教員課程に進んだ時に学科長が「西洋医学は枠組みがあるけれど、東洋医学には枠組みがない」と話していましたが、枠組みのない学びは確かに難しく、西洋医学は枠組みがあるから分かりやすい。

目に見えるものは分かりやすいけれど、目に見えないものは分かりにくいのです。
けれど東洋医学が対象としている気というものは目に見えません。

私たちはその曖昧なものを全身を診ることで理解するのですが、実際のところ、鍼灸師によって答えは変わります。
そのため私たちの中でも東洋医学が苦手な人がいます。
つまり自分に落とし込むことが難しいのです。
「先生はこういっていたけれど、私にはそう見えなかった」というとように。

先ほどの易の講義でも「どういう意味ですか?」という質問をされている方がいましたがそれは解釈のレベルになります。

「お腹が減ったら食べてよい」と言われたとして、誰かはお腹が減ったら食べる。

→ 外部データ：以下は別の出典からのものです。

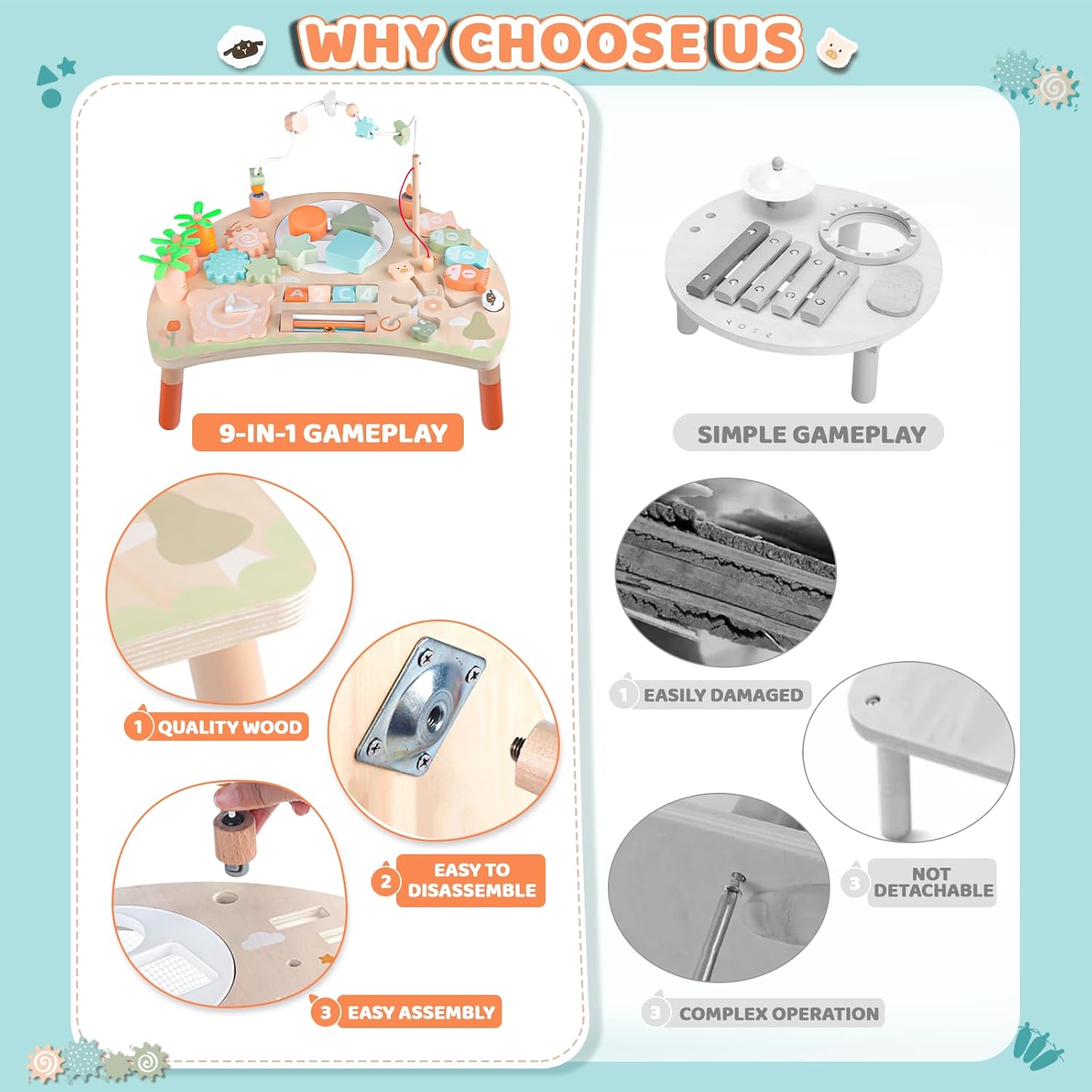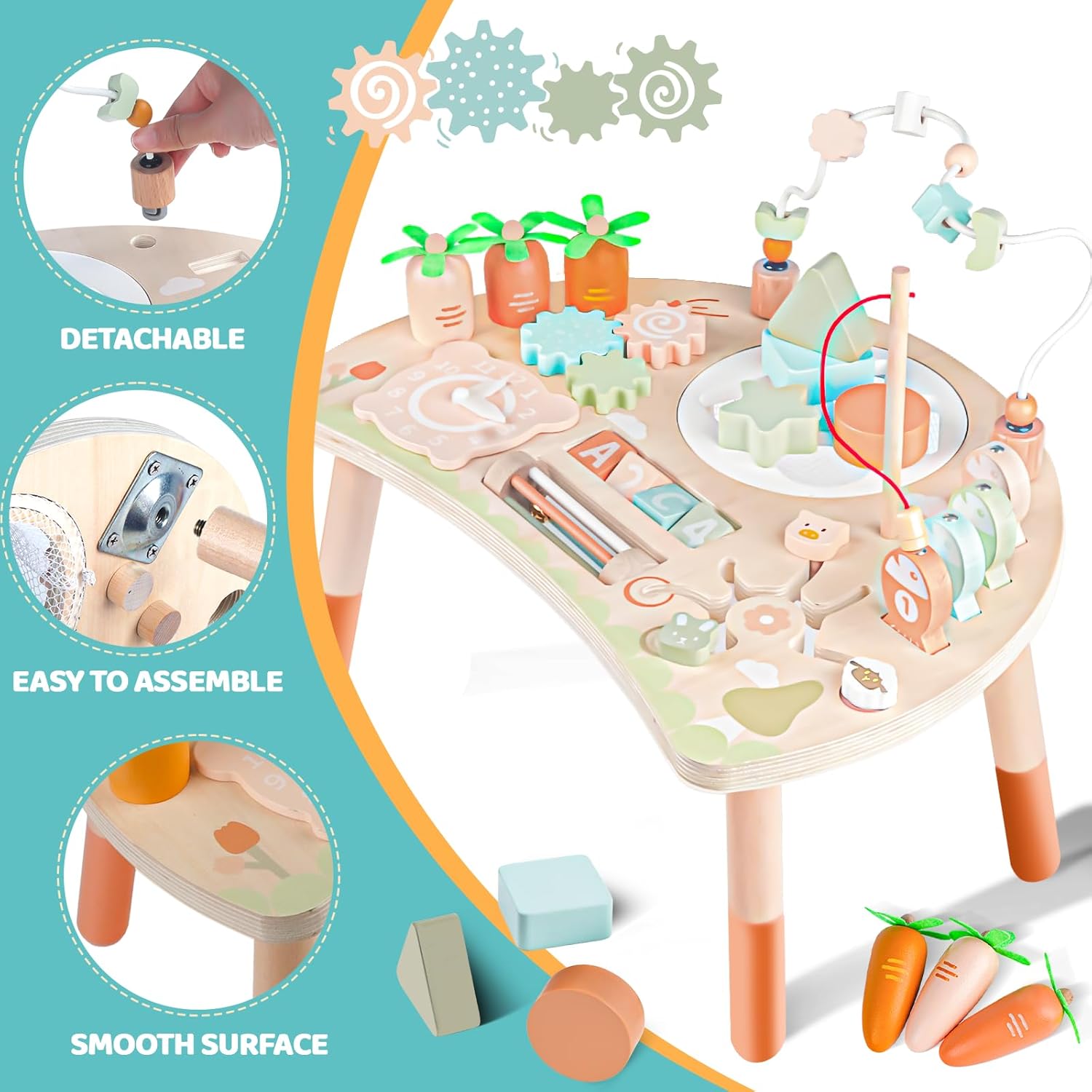 🧩 9 Fun Learning Activities – Includes a bead maze, fishing game, learning clock, spinning gears, shape sorter, animal maze, carrot harvest, rotating blocks, and rattle roller — endless fun in one table!

そして誰かは具体的に何時になったら食べて良いのか質問をする。

私は10年以上付き人をしましたがこれはセンスなのだと思いました。
察知力といったらよいのか、汲み取る力というのでしょうか。

言葉は悪いけれどセンスのない鍼灸師はたくさんいます。
しかしこればかりは学校で身につくものではないし、持って生まれたものや幼少期からの感性だと思うのです。

ただ感性といって偏ればスピリチュアル思考が強くなるし、合理性に偏れば目に見えるものしか理解されないし。
バランス感覚が優れた鍼灸師を見つけることは容易ではありません。

なぜこのような話をするかというと、鍼灸には流派というものがある以前に志向というものがあると思うのです。
例えば「凝り」「瘀血」「冷え」が絶対悪のように扱う施術者がいます。
しかしそれでは偏りが出てしまう。

筋肉が凝っていたら筋弛緩剤があって、痛みがあれば鎮痛剤があって、発熱していたら解熱剤がある。
でもそのような対処療法で病気は治るのでしょうか?

私はこの考え一辺倒にすることに違和感があって、なぜ発症原因を考えないのかと思うのです。
つまり罪を犯した人は刑務所に入れてしまえば解決するという考えと、街づくりから見直すことでは意味が異なります。

中医学ではこのことを扶正祛邪(ふせいきょじゃ)と邪正一如いうのですが、凝りは凝らなければいけない理由があり、瘀血もそこに滞る理由があり、冷えも冷えてしまう理由がある。

これを何かが悪いというふうに捉えるのではなく、それが生じた理由を考えないと繰り返します。
だから本質をみずに治療をおこなうのであれば対症療法になってしまう。

日常というものは人との関わりのなかで起こっていますから、ほとんどが合理的なものではありません。
実際には非合理ですよね。
それが日本人が本来もつものですから、何でも善と悪に分けてしまうのでは歪が生じます。

人には良いところも悪いところもある。
ガンを見つけたら切除してしまえば治るのか?
発熱した時に解熱すれば治るのか?
ワクチンを打てば感染はしないのか?

何かを正すために失われるものもあるから、そうならないように気を付けることが必要なのではないでしょうか。

数値にならないものや画像にあらわれないものがあっても、あなたが今感じている感覚は正しいものです。
なぜなら心身一如、心と体は1つだから。

この社会を生きていくにはセンスが必要かもしれません。
それは頭で考えるのではなく心で感じることです。
心はとても曖昧なものだけれど。

物質的にではなく精神的に選択する。
子供の頃、そんな風にしていませんでしたか?
誰の目も意識せずに本能のままに。

私はこの場所で本能的に感じて欲しいと思っています。
1回の治療で何かが変わることはないけれど、日常に独りになる時間を作るという意味をもたせたら人生に大きな変化をもたらすと思うのです。

だからあえて曖昧な場所でよいのではないかと。
疲れを癒す、頭を休める、治療を受ける、眠るでも。